Hugh Garner? Apocryphal?
Dear Quote Investigator: A Canadian author once praised the writing profession because it “interfered less with my drinking”. Would you please help me to identify this author and find a citation?
Quote Investigator: Writer Hugh Garner is best known for the Depression-era novel “Cabbagetown”. He won the Governor General’s Award of Canada in 1963. In 1964 he published a collection titled “Author, Author!” of short pieces reprinted from periodicals. Within the introduction he referred to his difficulties controlling his consumption of alcohol. Boldface added to excerpts by QI:[ref] 1964 Copyright, Author, Author! by Hugh Garner, Chapter: Introduction, Quote Page xv, Ryerson Press, Toronto, Canada. (Google Books snippet match with text visible; HathiTrust match; not yet verified with hardcopy; text does match in “Calgary Herald” book review) [/ref]
I have had a wonderful time as a freelance writer, and at one stage of my career was on my way to becoming rich, but I nipped that in the bud. There is no other job for which I was so fitted psychologically and temperamentally, and no other career which would have interfered less with my drinking.
Below are additional selected citations in chronological order.
Other artists have faced conflicts between work and alcohol. For example, in 1913 the New York periodical “The Mentor” published a piece by Professor John C. Van Dyke of Rutgers College about the 17th-century Dutch painter Frans Hals who found that creating portraits for wealthy burghers was interfering with his drinking:[ref] 1913 June 2, The Mentor: A Wise and Faithful Guide and Friend, Volume 1, Number 16, Dutch Masterpieces: “The Laughing Cavalier” by Hals, Comment by Professor John C. Van Dyke (Rutgers College), Quote Page 16, The Associated Newspaper School, New York. (Google Books Full View) link [/ref]
He had a season of real prosperity, and might have become rich; but after a time the commissions interfered with his drinking, and that was something that Frans could not endure.
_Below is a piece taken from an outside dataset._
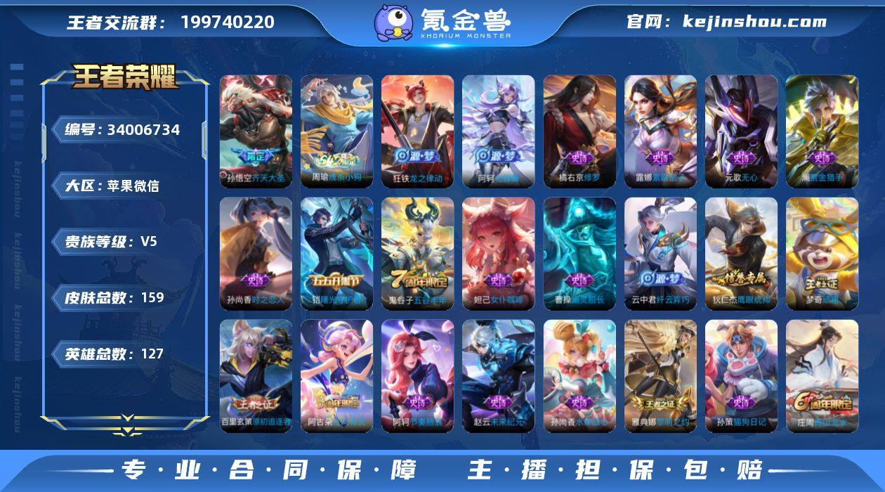 AL707502 【小号微信全正常带微信-发育路24段中路20-159皮孙悟空齐天大圣3银标,狂铁龙之律动,梦奇顽趣,苏烈春野闲踪,钟馗虚灵犬护,阿轲化蝶舞,太乙真人谧流熔炉,庄周高山流水,百里玄策原初追逐者,沈梦溪龙舞盛年,云中君纤云弄巧,鬼谷子天穹祈灯,蒙恬荣光圣徽,蒙犽百解令,】 皮肤数159 传说皮肤数1 史诗皮肤数32 英雄数127 营地id1835125246 贵族等级【文本】贵族5级 【贵族5级】 内测皮肤1 限定皮肤36 赛季限定20 史诗皮肤33 战令限定2 勇者皮肤76 其他皮肤48 内测皮肤:高渐离玩趣恶龙; 限定皮肤:狂铁龙之律动,梦奇顽趣,苏烈春野闲踪,钟馗虚灵犬护,阿轲化蝶舞,太乙真人谧流熔炉,庄周高山流水,百里玄策原初追逐者,沈梦溪龙舞盛年,云中君纤云弄巧,鬼谷子天穹祈灯,蒙恬荣光圣徽,蒙犽百解令,高渐离玩趣恶龙,裴擒虎擒涛扼浪,赵云皇家上将,孙悟空齐天大圣,桑启海盐诗旅,元歌无心,鬼谷子五谷丰年,李元芳云中旅人,项羽海滩派对,雅典娜黎明之约,沈梦溪大漠名商,兰陵王金庭之子,达摩沙漠行僧,苏烈千军破阵,钟馗驱傩正仪,狄仁杰阴阳师,狄仁杰鹰眼统帅,程咬金演武夺筹,亚瑟潮玩骑士王,狄仁杰万华元夜,阿古朵江河有灵,鲁班大师探海日志...

He loved the tavern better than the studio; but his mastery over the brush enabled him to produce a vast amount of work in very short time.
Van Dyke asserted that Hals used the efforts of his students to support his imbibing:
The time came when he “sweated” his many pupils, making them draw and paint subjects for which he paid them little or nothing, which he sold at fair prices to meet his weekly tavern bills.
In April 1964 “The Calgary Herald” of Alberta reviewed Hugh Garner’s book “Author, Author!”, and the quotation under examination was reprinted:[ref] 1964 April 25, The Calgary Herald, Book Of The Week: ‘Sacred Cows’ Prime Target by James Portman (Book review of Hugh Garner’s “Author, Author!”), Quote Page 7, Column 1, Calgary, Alberta, Canada. (Newspapers_com) [/ref]
In his introduction Mr. Garner tells us that he looks back on his career as a free-lance journalist with deep affection: “there is no other job for which I was so fitted psychologically and temperamentally, and no other career which would have interfered less with my drinking.”
In May 1964 the “Victoria Daily Times” of British Columbia reviewed Garner’s book and printed an altered version of the quotation:[ref] 1964 May 2, Victoria Daily Times, Social Criticism Spiced with Wit (Book review of Hugh Garner’s “Author, Author!”), Quote Page 6, Column 1, Victoria, British Columbia, Canada. (Newspapers_com) [/ref]
By his own admission Mr. Garner chose to become a writer “because there was no other career which interfered less with my drinking.”
In 1973 Garner published his autobiography “One Damn Thing After Another”. He mentioned an episode of delirium tremens which is usually caused by withdrawal from alcohol:[ref] 1973, One Damn Thing After Another by Hugh Garner, Quote Page 205, McGraw-Hill Ryerson, Toronto, Canada. (Verified with scans) [/ref]
I think that having had the delirium tremens, which started in my case in my apartment on Kingston Road when I held a conversation with our refrigerator, has helped me in my writing. I found I could write knowledgeably about a psychotic, as I did in a short story, “The Sound Of Hollyhocks,” and about old Lightfoot’s delirium tremens in Silence On The Shore.
In conclusion, Hugh Garner should receive credit for the remark about drinking. It appeared in the introduction to his 1964 collection “Author, Author!”
(Great thanks to J. Kelly Nestruck and Elliott Smith whose tweets led QI to formulate this question and perform this exploration. Nestruck comically expressed an interest in more quotations from Canadians, and Smith responded with a germane inquiry.)